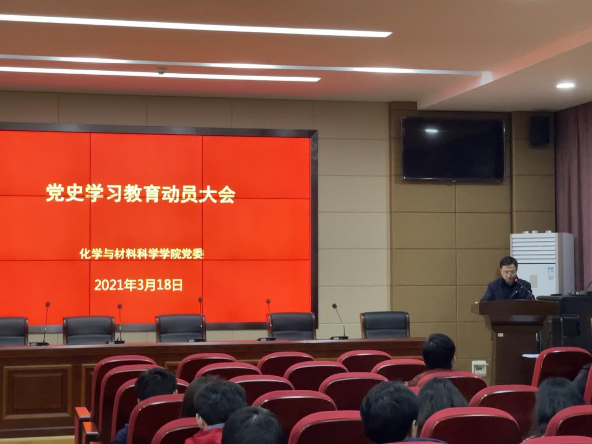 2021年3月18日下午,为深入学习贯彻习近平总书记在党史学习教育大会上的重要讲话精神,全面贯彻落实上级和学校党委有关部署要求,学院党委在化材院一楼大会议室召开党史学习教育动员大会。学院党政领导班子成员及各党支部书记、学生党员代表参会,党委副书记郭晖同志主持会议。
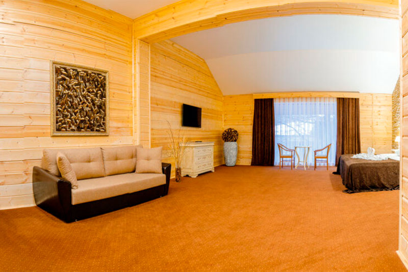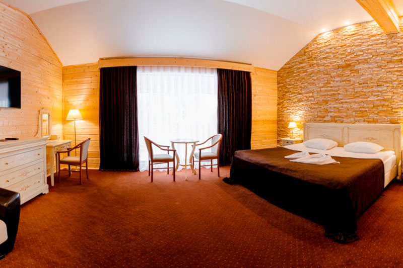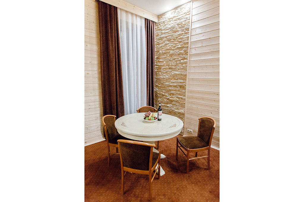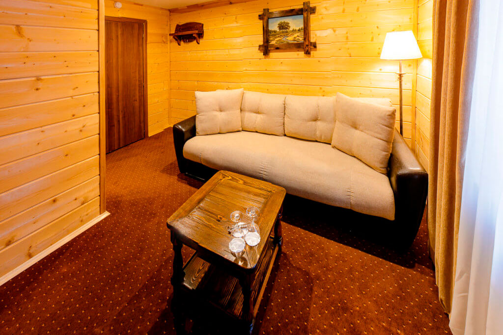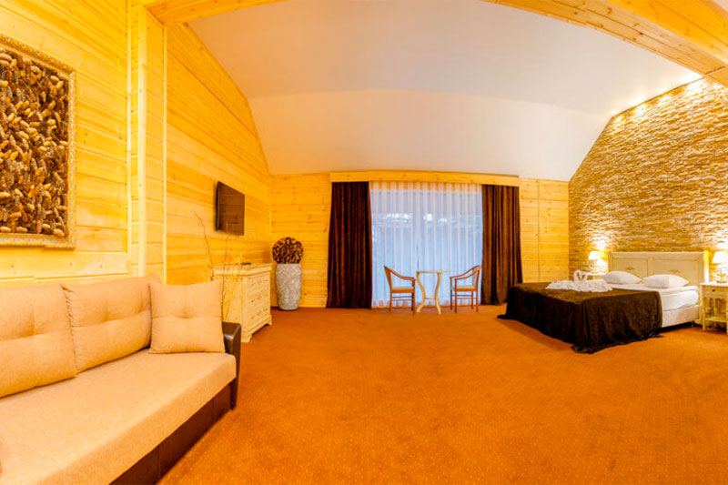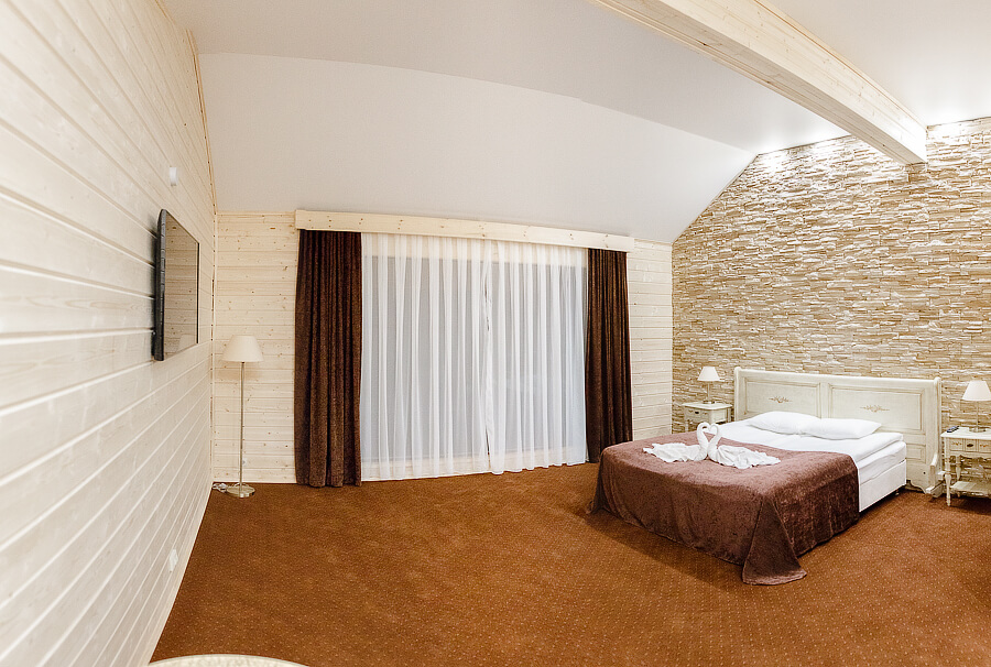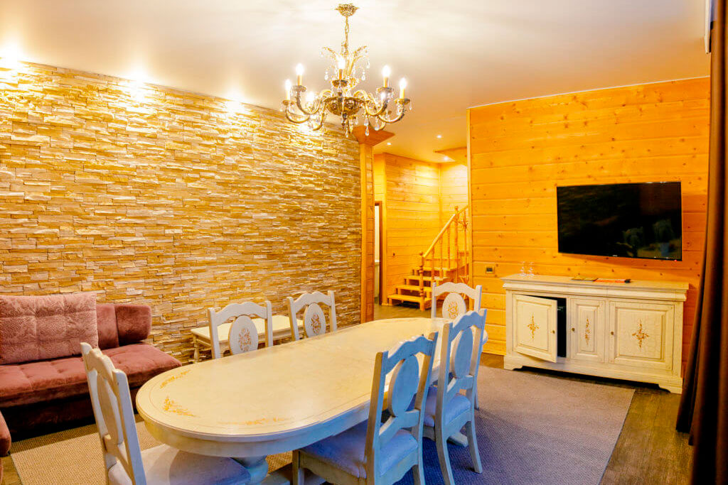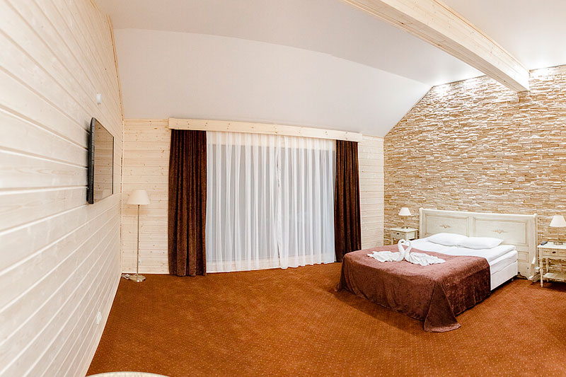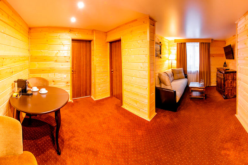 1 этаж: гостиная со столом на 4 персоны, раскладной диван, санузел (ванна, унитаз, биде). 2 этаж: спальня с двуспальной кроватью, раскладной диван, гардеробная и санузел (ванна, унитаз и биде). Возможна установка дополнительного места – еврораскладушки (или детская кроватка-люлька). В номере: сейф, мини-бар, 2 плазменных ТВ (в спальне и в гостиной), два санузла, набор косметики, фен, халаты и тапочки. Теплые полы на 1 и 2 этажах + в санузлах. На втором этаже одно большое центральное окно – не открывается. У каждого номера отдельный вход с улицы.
--
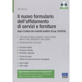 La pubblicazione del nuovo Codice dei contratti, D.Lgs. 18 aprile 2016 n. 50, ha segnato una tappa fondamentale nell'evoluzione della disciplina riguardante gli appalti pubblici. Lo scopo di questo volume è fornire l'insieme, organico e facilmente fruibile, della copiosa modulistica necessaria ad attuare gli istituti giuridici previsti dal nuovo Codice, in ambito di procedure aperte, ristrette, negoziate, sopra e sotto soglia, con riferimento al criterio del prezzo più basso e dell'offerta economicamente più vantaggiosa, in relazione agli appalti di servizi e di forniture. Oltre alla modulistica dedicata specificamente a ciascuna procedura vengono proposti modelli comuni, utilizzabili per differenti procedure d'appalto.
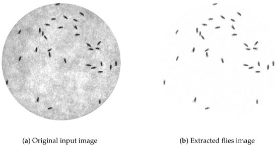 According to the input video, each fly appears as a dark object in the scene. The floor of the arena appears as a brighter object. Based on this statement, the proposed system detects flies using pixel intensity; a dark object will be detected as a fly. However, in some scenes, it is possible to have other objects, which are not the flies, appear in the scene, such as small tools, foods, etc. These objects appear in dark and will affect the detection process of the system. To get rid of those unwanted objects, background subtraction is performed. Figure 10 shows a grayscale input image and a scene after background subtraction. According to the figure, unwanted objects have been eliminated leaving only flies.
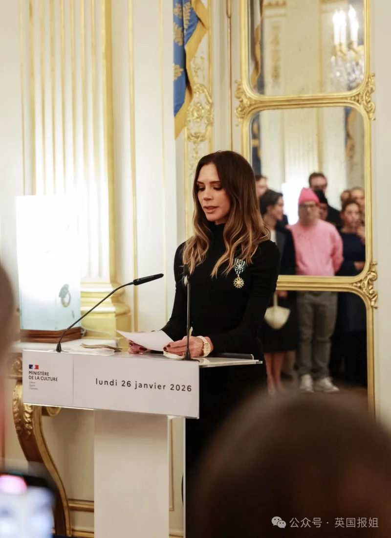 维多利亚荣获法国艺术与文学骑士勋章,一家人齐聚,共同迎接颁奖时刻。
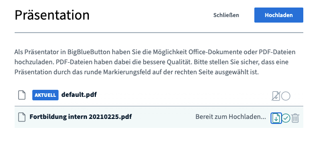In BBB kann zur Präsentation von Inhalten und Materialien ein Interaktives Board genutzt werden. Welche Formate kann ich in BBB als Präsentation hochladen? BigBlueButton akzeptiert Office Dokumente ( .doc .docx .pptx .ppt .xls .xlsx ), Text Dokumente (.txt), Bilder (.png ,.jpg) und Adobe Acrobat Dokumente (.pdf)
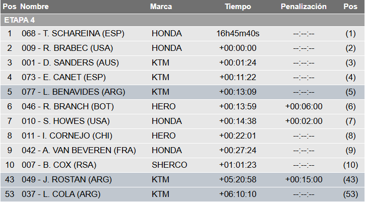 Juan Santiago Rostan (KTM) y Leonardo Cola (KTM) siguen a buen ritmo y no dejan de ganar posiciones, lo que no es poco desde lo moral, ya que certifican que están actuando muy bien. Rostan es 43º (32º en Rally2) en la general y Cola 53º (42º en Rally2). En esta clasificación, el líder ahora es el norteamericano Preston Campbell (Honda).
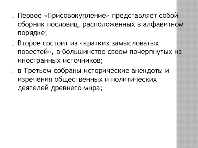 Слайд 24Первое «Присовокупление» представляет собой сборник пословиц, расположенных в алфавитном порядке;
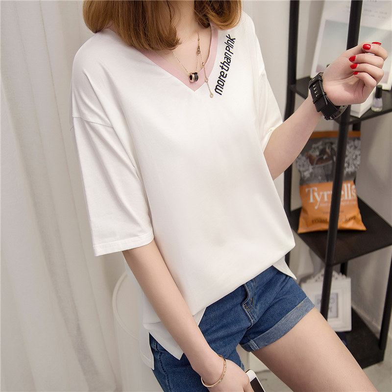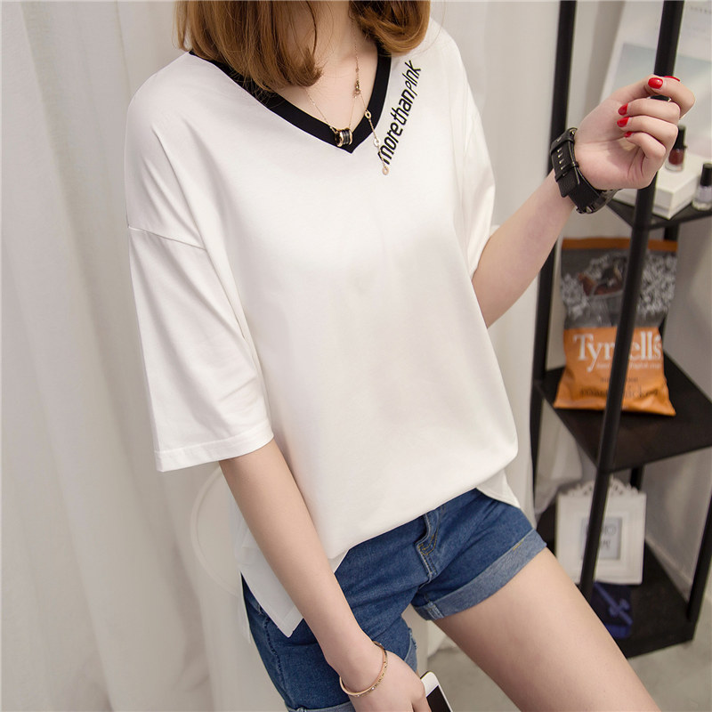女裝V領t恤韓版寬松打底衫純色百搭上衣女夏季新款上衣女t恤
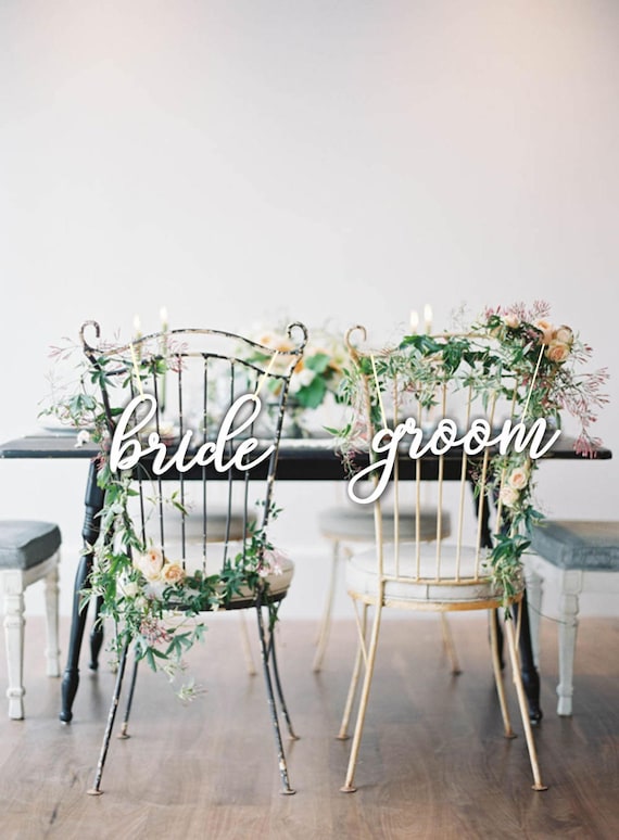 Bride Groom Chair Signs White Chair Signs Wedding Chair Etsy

_TASK:_ Although pictures appear among the records above, none are to be output; print exactly the lines from the line containing "в алфавитном порядке;" through the line containing "Bride Groom Chair".

_REPLY:_
 Слайд 24Первое «Присовокупление» представляет собой сборник пословиц, расположенных в алфавитном порядке;
女裝V領t恤韓版寬松打底衫純色百搭上衣女夏季新款上衣女t恤
 Bride Groom Chair Signs White Chair Signs Wedding Chair Etsy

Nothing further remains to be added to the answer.